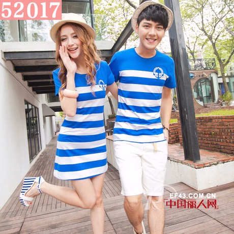 蓝色与白色相间的条纹装是小编最喜欢的撞色。不会过于低调,更不会十分的抢眼,恰到好处的色彩会给人带来舒畅的心情。修身的版型,就很是惹人爱。男生搭配的白色短裤,明亮的色彩给人留下阳光的印象。
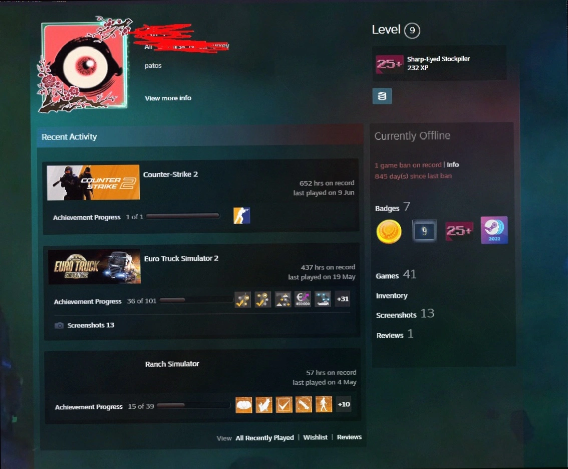 40 GAMES STEAM+PRIME CS2 (5 MEDALS ⸱ 2019+2018 Service+CS:GO+5 Year+Loyalty)+652 Hours+9y. old+9 LVL+PREMIER READY Global ⸱ VAC BAN RUST #ACC-160599
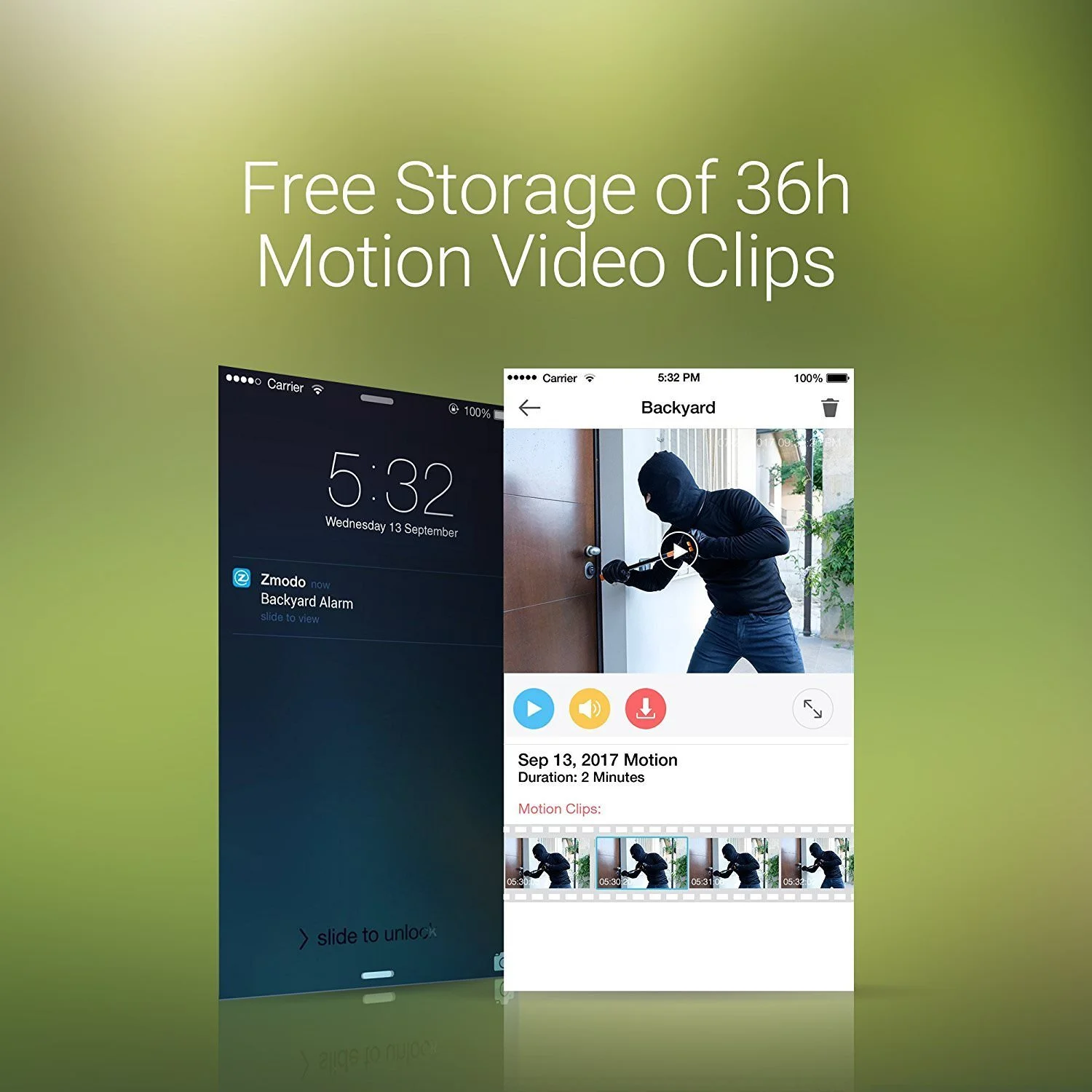 1080P Full HD non-stop monitoring get a crystal clear full-HD picture of your home from anywhere at any time and see up to 65ft away in the dark Smarter and adjustable night vision allows you to see the color image even in a dim environment by lowering the IR sensitivity Weather-resistant for outdoor this professional security camera is weatherproof with a supported temperature range From -10℃ to 50℃ can be placed both indoors and outdoors to protect every inch of your home through every season in rain or shine Works with Alexa Zmodo 1080P outdoor Wi-Fi camera works with Alexa Control Zmodo camera with your voice by saying “Alexa show me the front door” To view a live stream from your camera Zmodo cloud recording with a 1-month free trial instead of receiving just pictures you’ll be notified with video clips in Zmodo App when motion is detected Motion video clips are saved in the cloud Enjoy a free trial of 30-day of Zmodo 7 day cloud recording plan With the plan you can review save and share footage at any time and reduce false alerts with cloud intelligence US-based Zmodo Support 30-day money-back 1-Year and lifetime US-based tech support ( Tel 217-693-5706 Working time 8:00 – 20:00 CST Mon-Fri )
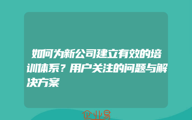 - 如何为新公司建立有效的培训体系?用户关注的问题与解决方案
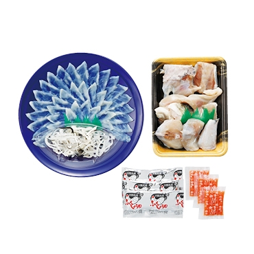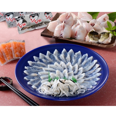 商品詳細/セット内容/とらふぐ刺身45g、とらふぐちり250g(切身100g、アラ150g)、とらふぐ皮40g、ふぐ醤油30ml×3、もみじおろし10g×3、賞味期間/冷凍90日、とらふぐ/国産(養殖) ※配送先は日本国内住所限定となります。

========================

What to do ▸
Could you give back the full listing word for word, leaving out the images?

Problem solution ▸
 蓝色与白色相间的条纹装是小编最喜欢的撞色。不会过于低调,更不会十分的抢眼,恰到好处的色彩会给人带来舒畅的心情。修身的版型,就很是惹人爱。男生搭配的白色短裤,明亮的色彩给人留下阳光的印象。
 40 GAMES STEAM+PRIME CS2 (5 MEDALS ⸱ 2019+2018 Service+CS:GO+5 Year+Loyalty)+652 Hours+9y. old+9 LVL+PREMIER READY Global ⸱ VAC BAN RUST #ACC-160599
 1080P Full HD non-stop monitoring get a crystal clear full-HD picture of your home from anywhere at any time and see up to 65ft away in the dark Smarter and adjustable night vision allows you to see the color image even in a dim environment by lowering the IR sensitivity Weather-resistant for outdoor this professional security camera is weatherproof with a supported temperature range From -10℃ to 50℃ can be placed both indoors and outdoors to protect every inch of your home through every season in rain or shine Works with Alexa Zmodo 1080P outdoor Wi-Fi camera works with Alexa Control Zmodo camera with your voice by saying “Alexa show me the front door” To view a live stream from your camera Zmodo cloud recording with a 1-month free trial instead of receiving just pictures you’ll be notified with video clips in Zmodo App when motion is detected Motion video clips are saved in the cloud Enjoy a free trial of 30-day of Zmodo 7 day cloud recording plan With the plan you can review save and share footage at any time and reduce false alerts with cloud intelligence US-based Zmodo Support 30-day money-back 1-Year and lifetime US-based tech support ( Tel 217-693-5706 Working time 8:00 – 20:00 CST Mon-Fri )
 - 如何为新公司建立有效的培训体系?用户关注的问题与解决方案
 商品詳細/セット内容/とらふぐ刺身45g、とらふぐちり250g(切身100g、アラ150g)、とらふぐ皮40g、ふぐ醤油30ml×3、もみじおろし10g×3、賞味期間/冷凍90日、とらふぐ/国産(養殖) ※配送先は日本国内住所限定となります。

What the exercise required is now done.